Focus stacking – endless depth of field!
Text und photos: Daniel Knop
Fixture for focus stacking (self-made) based on a CNC rail, equipped with manual linear stage, Novoflex Castel micro, light diffuser, height-adjustable and two-level adjustable object holder and three adjustable gooseneck flash holders
Depth of field is the big problem in macro photography, and the closer the camera gets to the subject, the more dramatically the zone of sharpness shrinks. Of course, blurring can simply be declared a creative stylistic device, but this is not everyone's cup of tea. It is better to simply increase the depth of field, as this is not difficult at all.

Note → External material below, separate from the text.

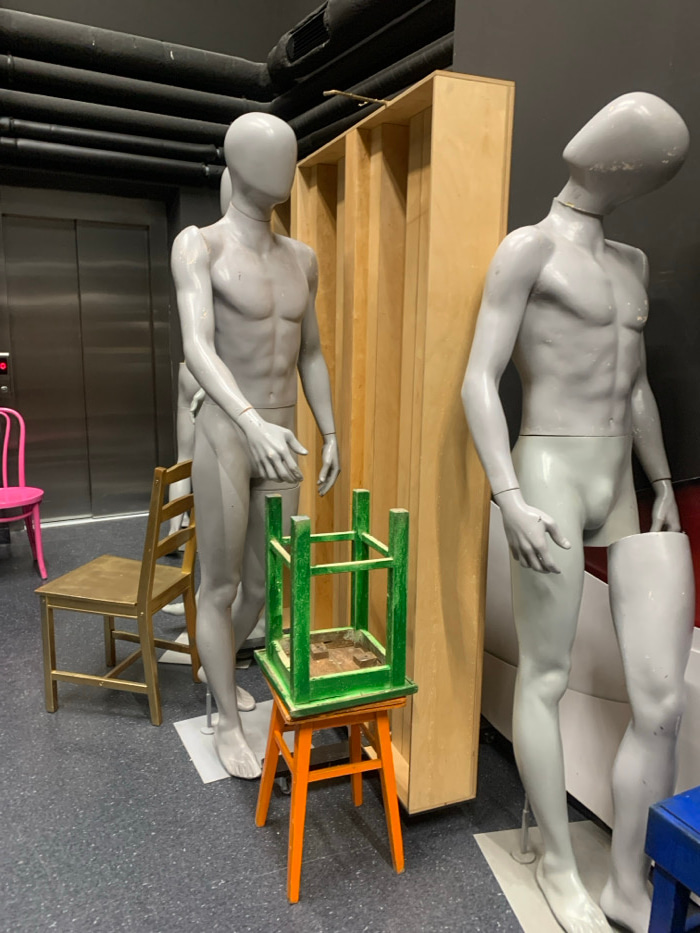 The image depicts an interior scene in Nowy Targ, Poland. The environment features a dark, possibly charcoal-grey, floor and dark walls. On the left, silver metallic elevator doors are visible, displa…read more

The focus stacking technique can extend the depth of field to any size. On this website, I try to convey the basic knowledge for this in a very easy-to-understand way with numerous individual topic contributions. I am normally an author of non-fiction and specialist books, but here I am trying my hand at a digital medium: over the coming months, the blog on this site will feature further articles on topics that are important for focus stacking, like the chapters of a book, so to speak.
Microscope objectives
If you want to take a magnified image of the small world, sooner or later you will end up with microscope lenses, many of which can also be attached directly to a camera. They have a much finer reproduction of detail than a normal camera lens. Discovering nature with them is fantastic. It's not just educational, it's downright addictive! But the depth of field is as thin as a sheet of paper, and nothing works without the focus stacking technique.
Many people shy away from this because it sounds complicated. But it's actually quite simple once you understand the basic principle. Some modern cameras can even do this automatically with macro lenses, and in a few years most cameras will probably be able to do this, even in smartphones. And it can also be automated very well with microscope lenses and then works virtually at the touch of a button.
Wing scales of a butterfly, each only a tenth of a millimeter wide – nature couldn't be more colorful!
HLB Planapo 20x lens, Raynox DCR150 tube lens, Canon R3 camera, electronic shutter, three Godox flash units, 250 single images, Novoflex Castel micro controller, Helicon Focus software
What is focus stacking?
Focus stacking is taking a series of pictures with a slightly shifted focus plane. Shot by shot, this focus zone is moved over the entire object so that it is slightly different for each individual photo. Special software is then used to automatically combine all the sharp details into a single image. In the case of macro photos, this can be five or ten individual images, for example, which can also be done on the move, e.g. in the garden to photograph pollinators in a flower. With microscope lenses, the number of individual shots is much higher, but the principle is the same.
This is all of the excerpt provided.